- EXERCISE BRIEF: The records below are to be transcribed exactly, with the pictures removed.

- SUPPLIED MATERIAL:
====
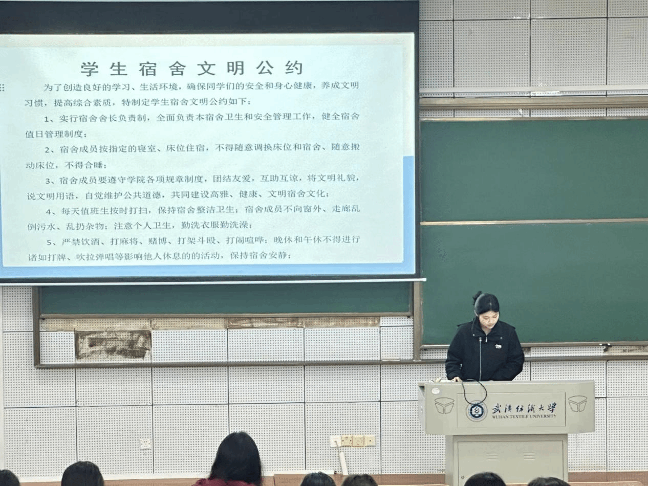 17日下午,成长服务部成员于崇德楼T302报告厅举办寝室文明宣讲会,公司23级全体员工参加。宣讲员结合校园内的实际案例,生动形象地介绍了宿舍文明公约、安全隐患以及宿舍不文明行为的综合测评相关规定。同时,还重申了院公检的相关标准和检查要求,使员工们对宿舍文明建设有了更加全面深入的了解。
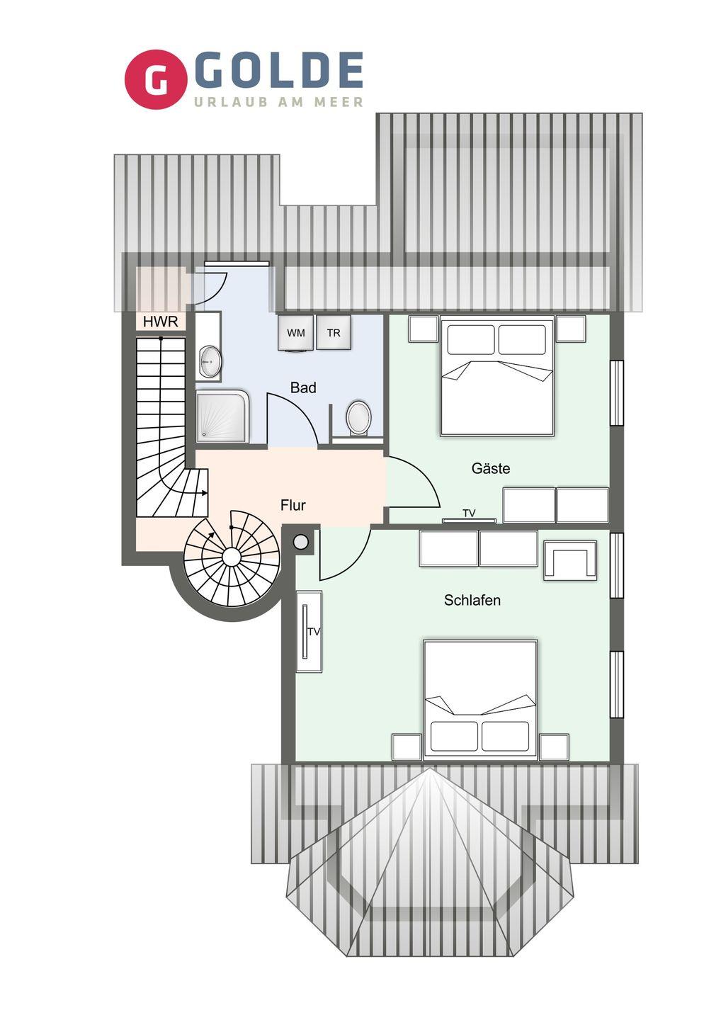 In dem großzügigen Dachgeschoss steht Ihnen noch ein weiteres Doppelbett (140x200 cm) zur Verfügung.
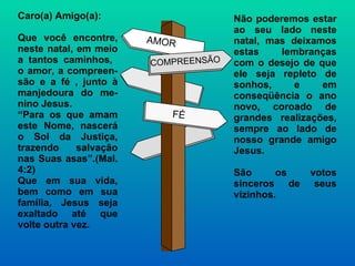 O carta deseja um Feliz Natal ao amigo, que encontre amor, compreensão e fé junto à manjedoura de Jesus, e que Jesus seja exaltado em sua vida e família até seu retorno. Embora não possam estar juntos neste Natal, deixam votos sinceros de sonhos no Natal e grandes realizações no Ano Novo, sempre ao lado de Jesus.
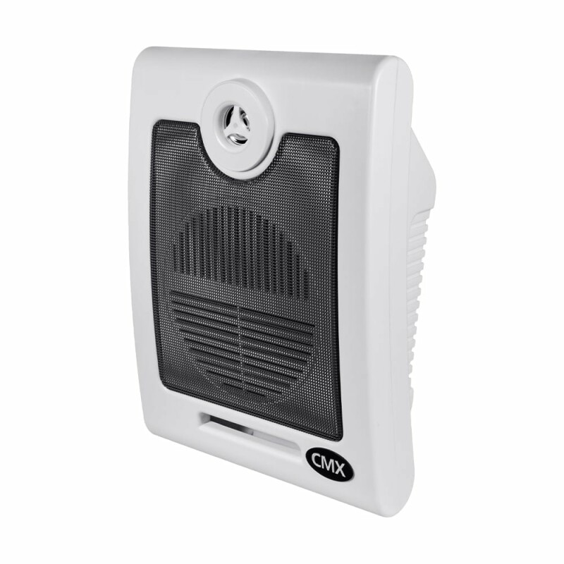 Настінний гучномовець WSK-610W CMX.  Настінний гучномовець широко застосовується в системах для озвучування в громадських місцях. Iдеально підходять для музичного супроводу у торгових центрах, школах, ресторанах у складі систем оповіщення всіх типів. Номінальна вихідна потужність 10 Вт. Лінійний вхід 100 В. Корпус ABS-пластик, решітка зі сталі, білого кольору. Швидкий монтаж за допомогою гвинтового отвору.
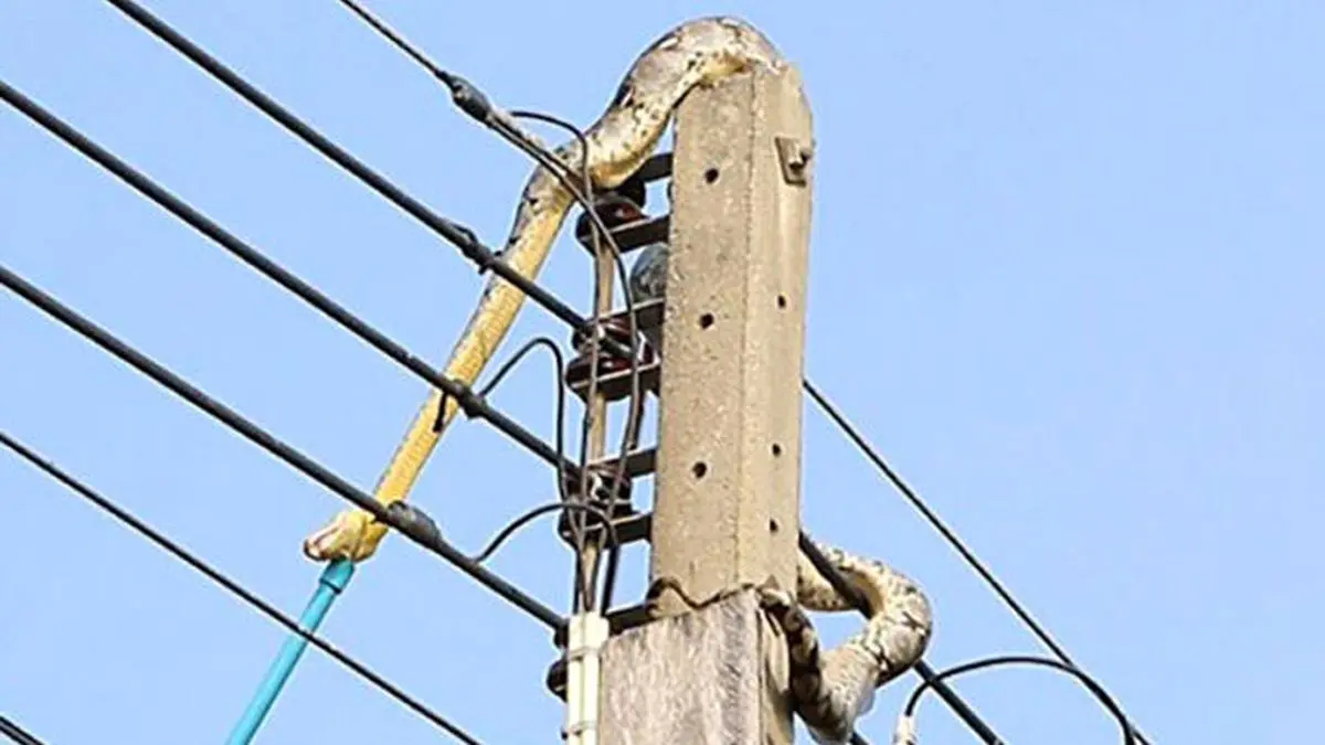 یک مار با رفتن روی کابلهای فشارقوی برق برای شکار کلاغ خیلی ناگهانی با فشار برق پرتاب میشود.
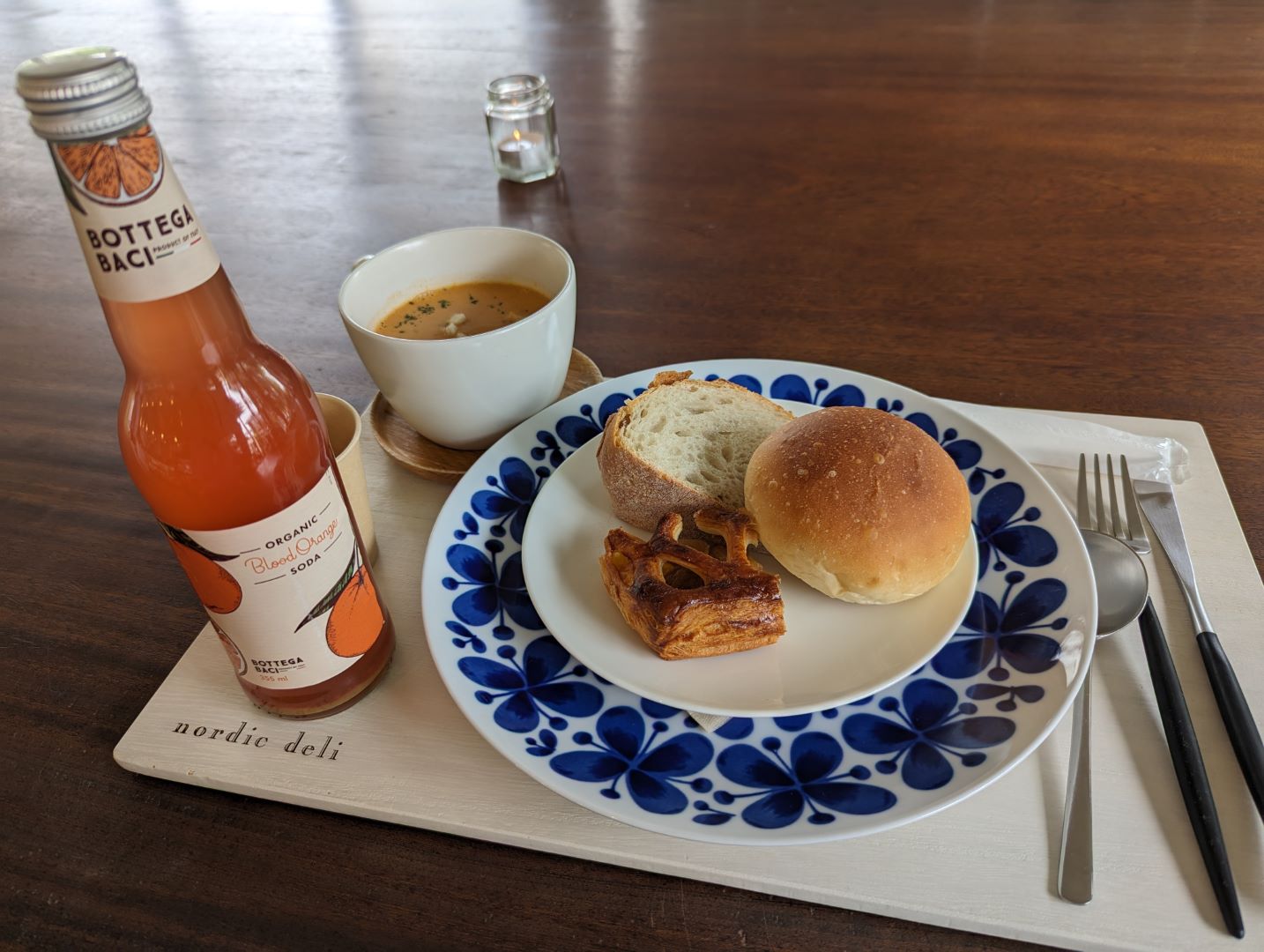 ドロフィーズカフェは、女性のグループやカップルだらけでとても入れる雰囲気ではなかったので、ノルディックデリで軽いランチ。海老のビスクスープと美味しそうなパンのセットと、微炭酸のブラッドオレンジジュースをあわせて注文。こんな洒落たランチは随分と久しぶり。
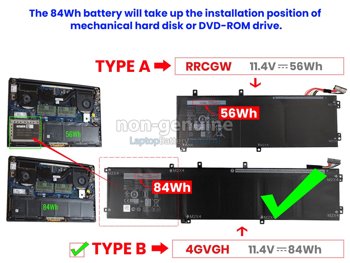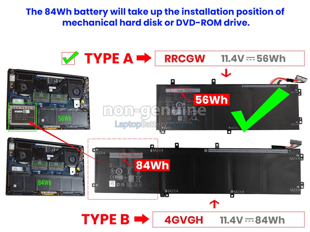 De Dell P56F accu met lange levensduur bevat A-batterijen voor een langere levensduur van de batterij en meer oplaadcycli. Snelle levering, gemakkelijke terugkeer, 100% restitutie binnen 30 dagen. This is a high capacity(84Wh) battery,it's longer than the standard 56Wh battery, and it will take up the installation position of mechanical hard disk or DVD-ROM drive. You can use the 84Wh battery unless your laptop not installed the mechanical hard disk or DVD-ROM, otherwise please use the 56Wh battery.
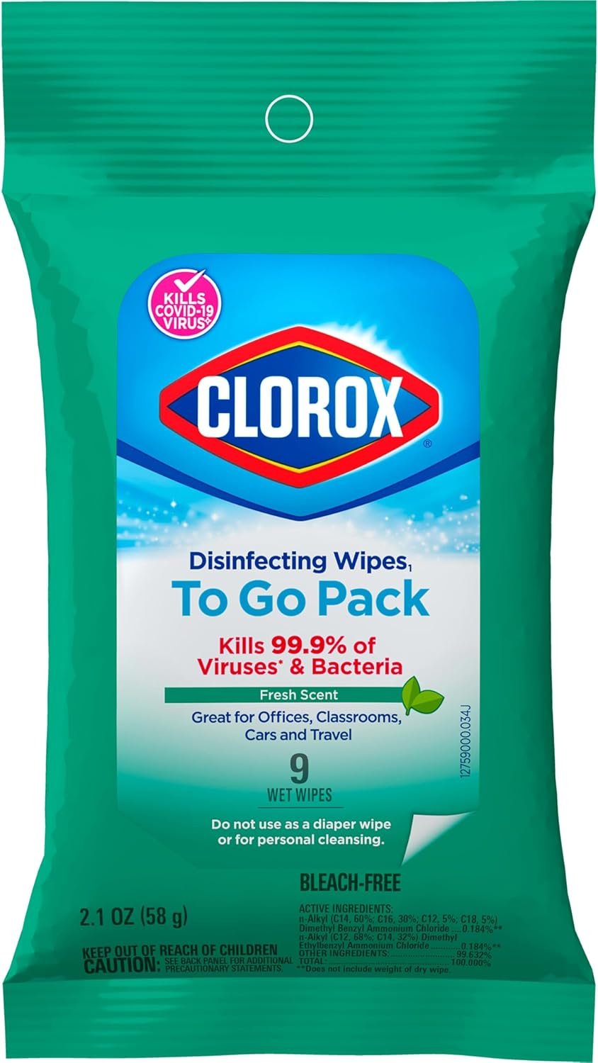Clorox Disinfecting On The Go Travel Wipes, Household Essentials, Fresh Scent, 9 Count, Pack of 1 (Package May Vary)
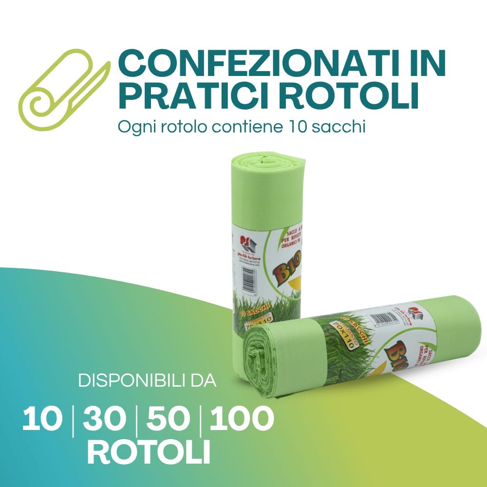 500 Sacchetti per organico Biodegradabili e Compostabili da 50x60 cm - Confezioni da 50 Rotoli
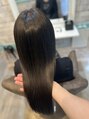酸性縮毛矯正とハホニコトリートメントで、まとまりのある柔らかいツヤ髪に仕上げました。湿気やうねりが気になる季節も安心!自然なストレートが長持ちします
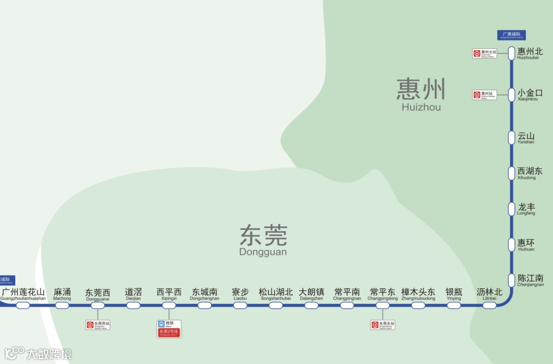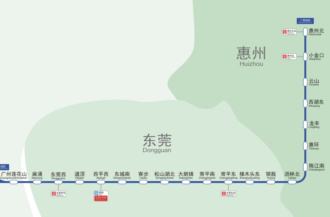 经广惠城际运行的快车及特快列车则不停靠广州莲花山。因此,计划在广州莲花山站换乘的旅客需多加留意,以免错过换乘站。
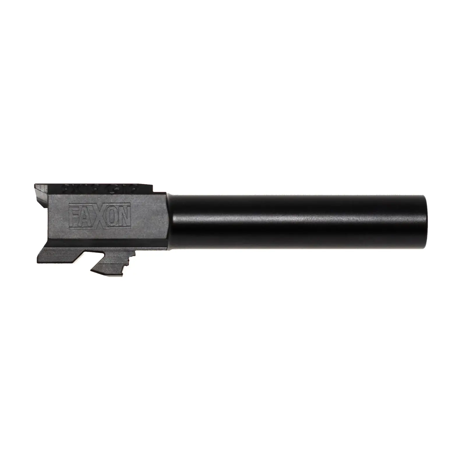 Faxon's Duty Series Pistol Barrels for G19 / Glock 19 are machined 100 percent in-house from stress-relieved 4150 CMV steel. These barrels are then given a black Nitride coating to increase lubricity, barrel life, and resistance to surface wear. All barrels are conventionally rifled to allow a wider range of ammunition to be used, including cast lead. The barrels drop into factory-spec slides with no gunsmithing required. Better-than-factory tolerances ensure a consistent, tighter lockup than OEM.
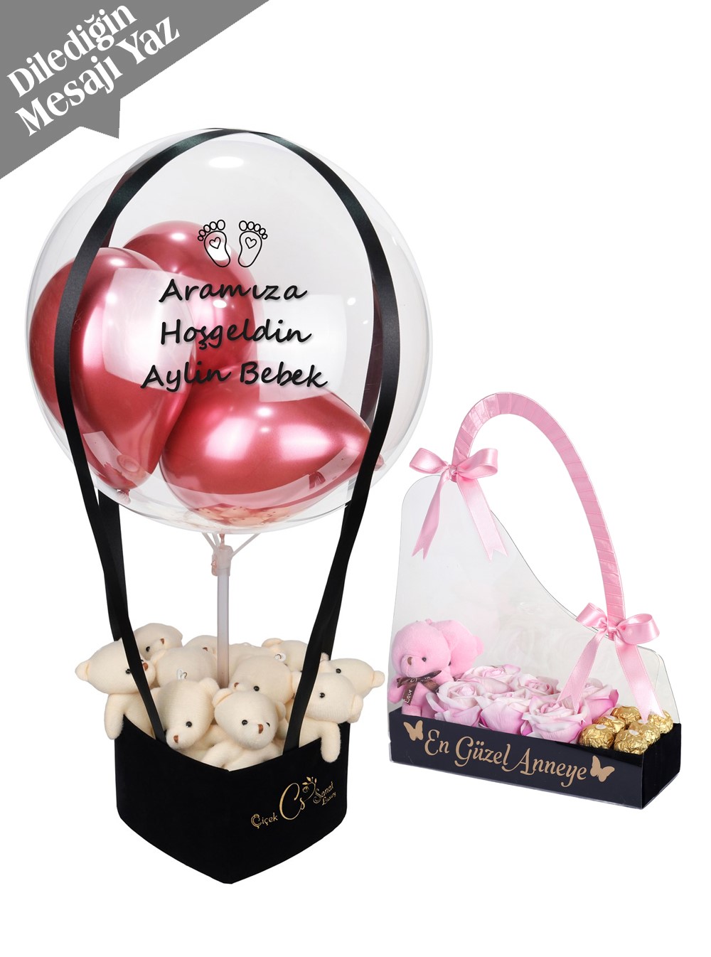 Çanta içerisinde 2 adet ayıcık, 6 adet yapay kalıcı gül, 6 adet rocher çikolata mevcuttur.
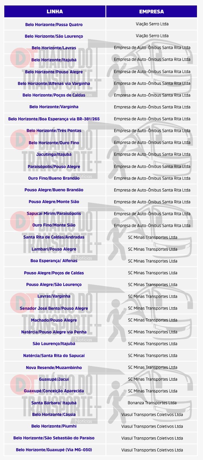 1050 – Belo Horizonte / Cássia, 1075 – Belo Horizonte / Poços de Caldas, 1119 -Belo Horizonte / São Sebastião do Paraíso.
====
- SOLUTION TO THIS TASK:
 17日下午,成长服务部成员于崇德楼T302报告厅举办寝室文明宣讲会,公司23级全体员工参加。宣讲员结合校园内的实际案例,生动形象地介绍了宿舍文明公约、安全隐患以及宿舍不文明行为的综合测评相关规定。同时,还重申了院公检的相关标准和检查要求,使员工们对宿舍文明建设有了更加全面深入的了解。
 In dem großzügigen Dachgeschoss steht Ihnen noch ein weiteres Doppelbett (140x200 cm) zur Verfügung.
 O carta deseja um Feliz Natal ao amigo, que encontre amor, compreensão e fé junto à manjedoura de Jesus, e que Jesus seja exaltado em sua vida e família até seu retorno. Embora não possam estar juntos neste Natal, deixam votos sinceros de sonhos no Natal e grandes realizações no Ano Novo, sempre ao lado de Jesus.
 Настінний гучномовець WSK-610W CMX.  Настінний гучномовець широко застосовується в системах для озвучування в громадських місцях. Iдеально підходять для музичного супроводу у торгових центрах, школах, ресторанах у складі систем оповіщення всіх типів. Номінальна вихідна потужність 10 Вт. Лінійний вхід 100 В. Корпус ABS-пластик, решітка зі сталі, білого кольору. Швидкий монтаж за допомогою гвинтового отвору.
 یک مار با رفتن روی کابلهای فشارقوی برق برای شکار کلاغ خیلی ناگهانی با فشار برق پرتاب میشود.
 ドロフィーズカフェは、女性のグループやカップルだらけでとても入れる雰囲気ではなかったので、ノルディックデリで軽いランチ。海老のビスクスープと美味しそうなパンのセットと、微炭酸のブラッドオレンジジュースをあわせて注文。こんな洒落たランチは随分と久しぶり。
 De Dell P56F accu met lange levensduur bevat A-batterijen voor een langere levensduur van de batterij en meer oplaadcycli. Snelle levering, gemakkelijke terugkeer, 100% restitutie binnen 30 dagen. This is a high capacity(84Wh) battery,it's longer than the standard 56Wh battery, and it will take up the installation position of mechanical hard disk or DVD-ROM drive. You can use the 84Wh battery unless your laptop not installed the mechanical hard disk or DVD-ROM, otherwise please use the 56Wh battery.
Clorox Disinfecting On The Go Travel Wipes, Household Essentials, Fresh Scent, 9 Count, Pack of 1 (Package May Vary)
 500 Sacchetti per organico Biodegradabili e Compostabili da 50x60 cm - Confezioni da 50 Rotoli
酸性縮毛矯正とハホニコトリートメントで、まとまりのある柔らかいツヤ髪に仕上げました。湿気やうねりが気になる季節も安心!自然なストレートが長持ちします
 经广惠城际运行的快车及特快列车则不停靠广州莲花山。因此,计划在广州莲花山站换乘的旅客需多加留意,以免错过换乘站。
 Faxon's Duty Series Pistol Barrels for G19 / Glock 19 are machined 100 percent in-house from stress-relieved 4150 CMV steel. These barrels are then given a black Nitride coating to increase lubricity, barrel life, and resistance to surface wear. All barrels are conventionally rifled to allow a wider range of ammunition to be used, including cast lead. The barrels drop into factory-spec slides with no gunsmithing required. Better-than-factory tolerances ensure a consistent, tighter lockup than OEM.
 Çanta içerisinde 2 adet ayıcık, 6 adet yapay kalıcı gül, 6 adet rocher çikolata mevcuttur.
 1050 – Belo Horizonte / Cássia, 1075 – Belo Horizonte / Poços de Caldas, 1119 -Belo Horizonte / São Sebastião do Paraíso.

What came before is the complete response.